Assignment: When you reach the line that contains "アカウントにログインしておいてください。 そのほかの項目が一部変更されます。 |", please begin copying, and carry on exactly to the last line of the material, leaving out every picture.

Source data:
# # # #
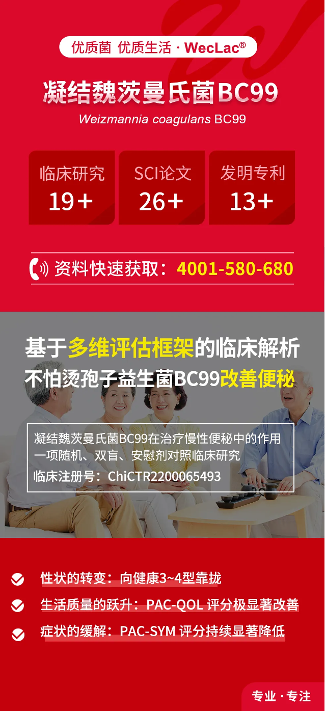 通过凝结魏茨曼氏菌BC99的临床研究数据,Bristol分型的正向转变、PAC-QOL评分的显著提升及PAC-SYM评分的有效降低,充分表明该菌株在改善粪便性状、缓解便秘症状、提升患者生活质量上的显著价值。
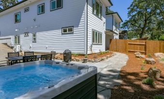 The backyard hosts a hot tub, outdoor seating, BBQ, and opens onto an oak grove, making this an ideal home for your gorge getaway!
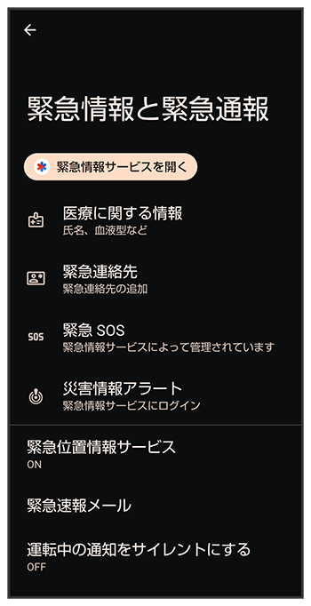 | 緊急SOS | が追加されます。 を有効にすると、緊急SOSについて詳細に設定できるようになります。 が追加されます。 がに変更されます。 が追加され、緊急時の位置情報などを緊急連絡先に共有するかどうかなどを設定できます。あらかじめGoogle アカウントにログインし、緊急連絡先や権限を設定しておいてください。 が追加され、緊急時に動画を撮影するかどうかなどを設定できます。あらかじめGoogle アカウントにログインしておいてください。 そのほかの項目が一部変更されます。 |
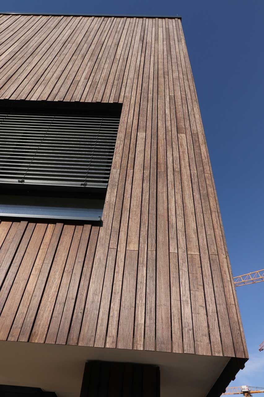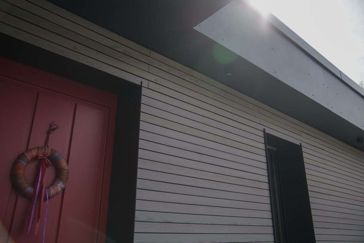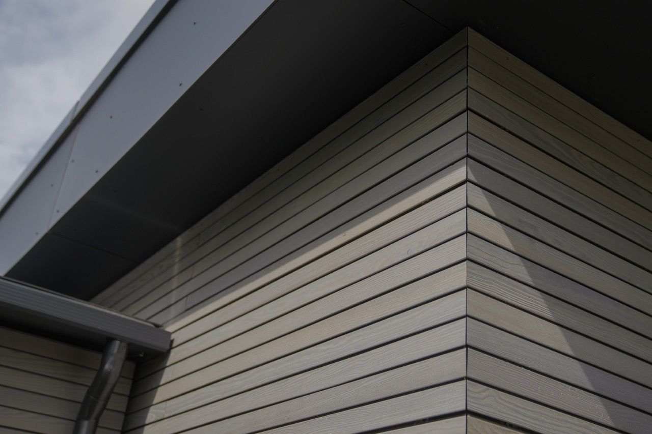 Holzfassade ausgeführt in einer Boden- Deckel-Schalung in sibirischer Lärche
# # # #
Answer for the task:
 | 緊急SOS | が追加されます。 を有効にすると、緊急SOSについて詳細に設定できるようになります。 が追加されます。 がに変更されます。 が追加され、緊急時の位置情報などを緊急連絡先に共有するかどうかなどを設定できます。あらかじめGoogle アカウントにログインし、緊急連絡先や権限を設定しておいてください。 が追加され、緊急時に動画を撮影するかどうかなどを設定できます。あらかじめGoogle アカウントにログインしておいてください。 そのほかの項目が一部変更されます。 |
 Holzfassade ausgeführt in einer Boden- Deckel-Schalung in sibirischer Lärche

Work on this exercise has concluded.